Medical procedures used to diagnose PAH are described in Table 5. Around 93% of children had received either an echocardiography or a right heart catheterization just before, on, or after the PAH diagnosis. Table 5 shows more details.

Table 5.

Distribution of medical procedures claimed in the 30 days before, on, or after diagnosis among persistent PAH.

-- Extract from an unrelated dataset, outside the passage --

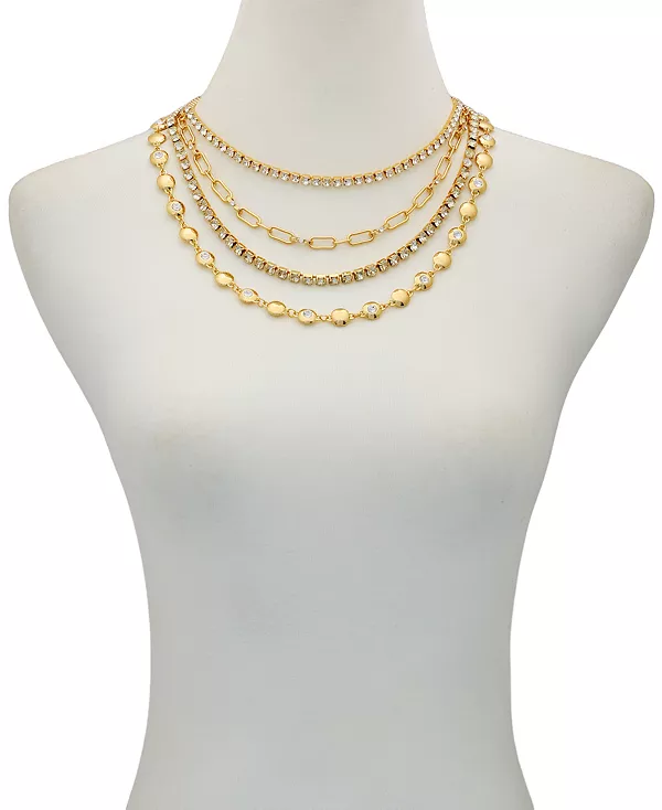 Создайте яркий образ с этим ожерельем GUESS с многослойным дизайном и сияющим золотым покрытием. Ряды сверкающих стразов и полированных металлических бусин переплетаются с изящной цепочкой, а удлинитель длиной 5 см позволяет регулировать длину для индивидуальной посадки.

Procedure	Persistent PAH n = 695 (%)
	Within 30 days before, on, or any time after index date
	Before and on	After	Total*
Critical procedures
At least one critical  procedure	524 (75.4)	644 (92.7)	675 (97.1)
Chest radiograph	346 (49.8)	529 (76.1)	558 (80.3)
Chest CT	10 (1.4)	56 (8.1)	63 (9.1)
Chest CT with contrast	28 (4.0)	98 (14.1)	112 (16.1)
Electrocardiogram	258 (37.1)	513 (73.8)	559 (80.4)
Echocardiography	408 (58.7)	589 (84.7)	641 (92.2)
Right heart catheterization	63 (9.1)	228 (32.8)	254 (36.5)
Echocardiography or  right heart catheterization	421 (60.6)	589 (84.7)	643 (92.5)
Other procedures
Pulmonary function tests	26 (3.7)	138 (19.9)	144 (20.7)
Arterial blood gases analysis	57 (8.2)	214 (30.8)	234 (33.7)
Ventilation/perfusion lung scan	6 (0.9)	36 (5.2)	38 (5.5)
Pulmonary angiography	3 (0.4)	8 (1.2)	9 (1.3)
Cardiac magnetic  resonance imaging	7 (1.0)	28 (4.0)	34 (4.9)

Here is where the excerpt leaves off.